How Expensify’s open-source program is powering OpenAI’s next-gen AI engineering benchmarks

The rapid rise of large language models (LLMs) has opened up exciting new possibilities for AI-driven software development. But how well can these models tackle real-world engineering tasks?
That question led to the creation of SWE-Lancer—a benchmark developed by OpenAI that evaluates LLMs using real freelance software tasks. Let's explore how Expensify’s open-source repository and freelance program enabled the creation of SWE-Lancer.
SWE-Lancer: A real-world testbed for AI in software engineering
Most AI coding benchmarks focus on isolated code snippets or theoretical problems. SWE-Lancer is different—it evaluates LLMs on 1,488 real-world software tasks, all sourced from Expensify’s freelance jobs and the open-source repository.
These tasks range from simple bug fixes ($250 payouts) to complex feature implementations ($32,000 payouts), covering:
Frontend & backend development
API integrations
Full-stack debugging
Software architecture decision-making
By leveraging Expensify’s open-source development process—which encapsulates the intricate challenges of real-world engineering workflows from initial triage to testing and deployment—SWE-Lancer provides the most realistic AI software engineering benchmark to date.
Mapping AI performance to real economic value
One of SWE-Lancer’s most significant innovations is mapping AI coding performance to real-world money. Since each task in the benchmark has an actual payout from Expensify, researchers can measure AI success not just in terms of accuracy but in dollars earned.
For example, the best-performing LLM in the study, Claude 3.5 Sonnet, earned $403,000 out of a possible $1,000,000.
This unique approach allows researchers to estimate AI’s ability to solve real tasks l on the freelance job market—helping to predict how automation may shape software engineering careers in the future.
A more rigorous evaluation standard
Existing AI coding benchmarks often rely on unit tests, which can be easily gamed by models that memorize patterns instead of understanding the problem. SWE-Lancer takes a different approach by emphasizing:
End-to-end tests: Simulating real user workflows to ensure AI solutions work in production
Real-world challenges: Leveraging authentic issues from the Expensify app ensures that models tackle genuine, production-level problems with real business impact
Full-stack evaluation: AI models must reason across multiple layers of an application, rather than solving isolated coding problems
By raising the bar for AI evaluation, SWE-Lancer provides deeper insights into where AI can truly contribute to software development.
AI as a software manager
Beyond coding, SWE-Lancer also evaluates whether LLMs can function as software managers. Within Expensify’s freelance process, one step requires a hiring decision to be made after reviewing submitted proposals. This provided the basis for SWE Manager tasks, where models:
Review multiple software proposals
Select the best implementation strategy
Are graded based on how well they match real human engineering manager decisions
Surprisingly, LLMs performed better at management tasks than direct coding, suggesting that AI may first integrate into software teams as an advisor rather than a coder.

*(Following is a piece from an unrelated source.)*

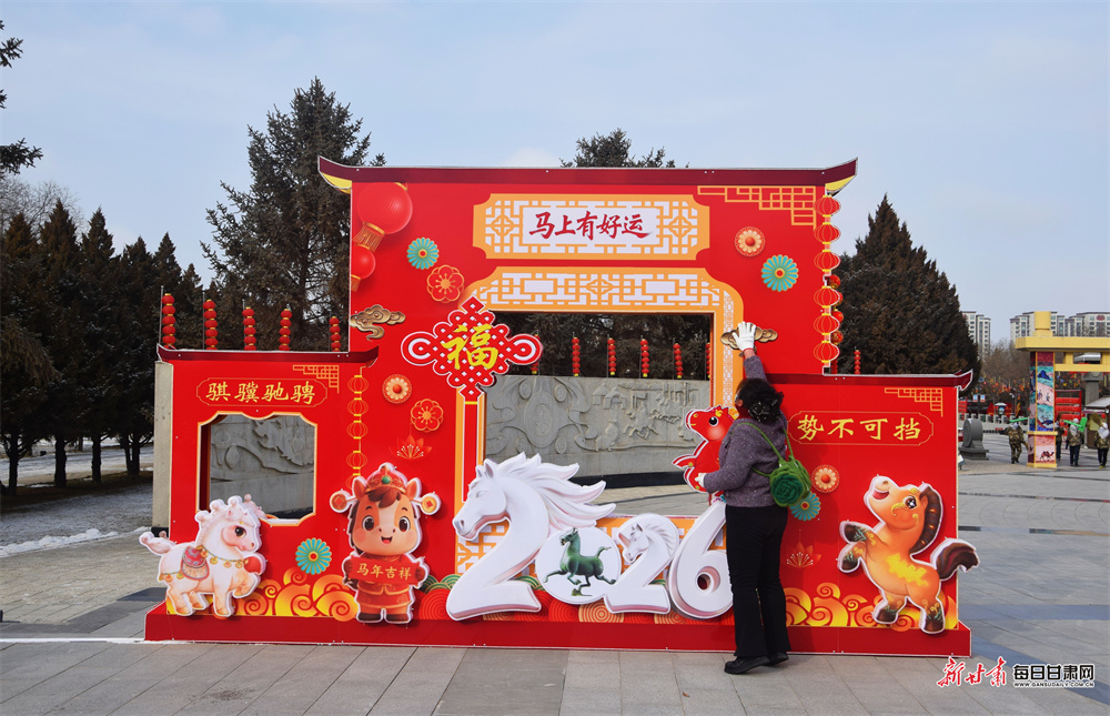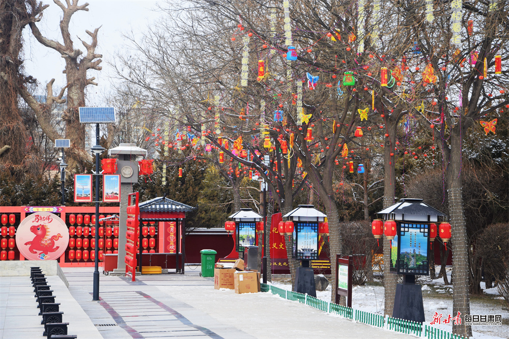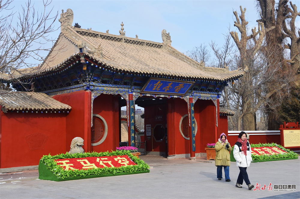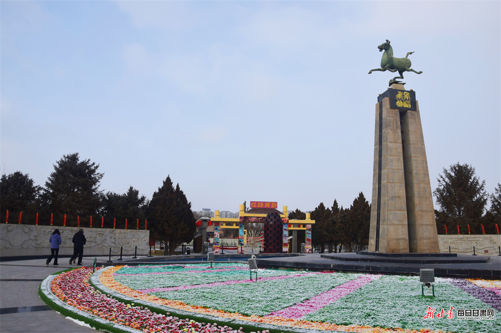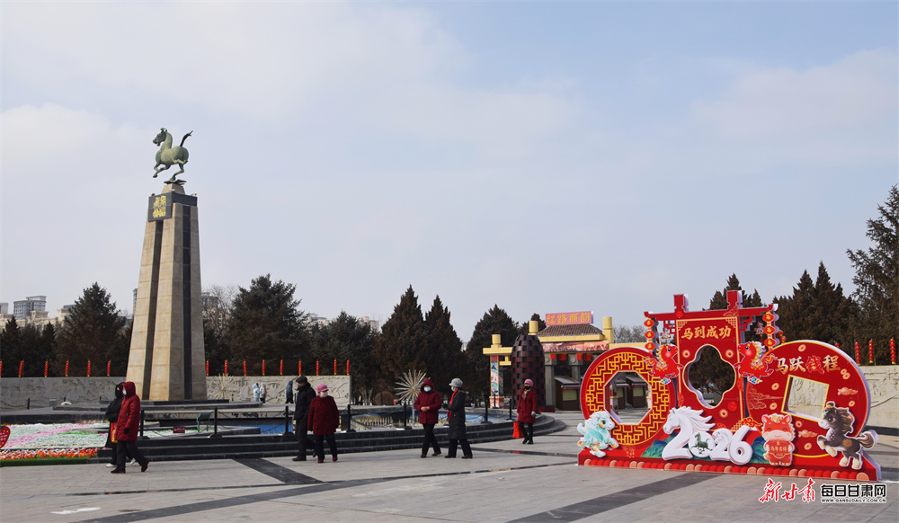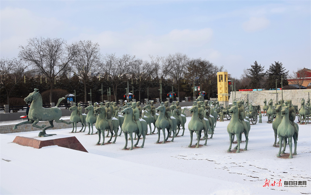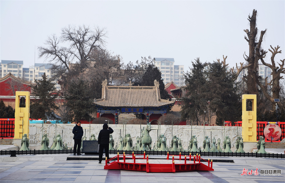 隆冬时节,武威雷台银装素裹,古朴幽静。铜奔马仪仗俑在白雪映衬下更显汉韵威仪。随着春节临近,景区内红灯高悬,处处洋溢着迎春纳福的喜庆气息,吸引游客前来感受古今交融的独特魅力。

AI and the future of freelance work
Expensify is one of the few companies actively integrating freelance engineering into an open-source development model. This model allows an early glimpse into how AI could impact the freelance economy:
Will AI replace freelance engineers, or augment them?
Can LLMs bridge skill gaps for underrepresented developers?
Might engineering managers lean on LLMs as advisors?
With an open-source development process, Expensify is helping the AI community explore these questions.
A bold experiment with real-world implications
Expensify’s contributions to SWE-Lancer represent a real-world experiment in AI-driven software engineering. With our open-source app and freelance program, Expensify has helped create the most realistic AI coding benchmark to date.
This research is just the beginning. As AI models continue to evolve, Expensify’s open-source development model could serve as a blueprint for the future of AI-assisted engineering teams.
FAQs
-
SWE-Lancer is an AI programming benchmark developed by OpenAI that helps to measure the ability of LLMs to complete software tasks including code generation, refactoring, and documenting code.
-
Our freelance program allows individual contributors to complete paid tasks while contributing to Expensify’s open source app. We are welcoming freelancers from all over the world to take part in shaping the future of financial collaboration.
-
Expensify's open-source program provides OpenAI's SWE-Lancer benchmark with 1,488 real-world software engineering tasks, ranging from bug fixes to complex feature implementations. These tasks, which come with actual monetary payouts ($250-$32,000), allow researchers to evaluate AI models' performance in terms of real economic value and practical engineering capabilities.
What makes this contribution particularly valuable is that it offers production-level problems, and management task evaluation—providing a much more realistic benchmark than traditional coding tests that rely on isolated snippets or theoretical problems.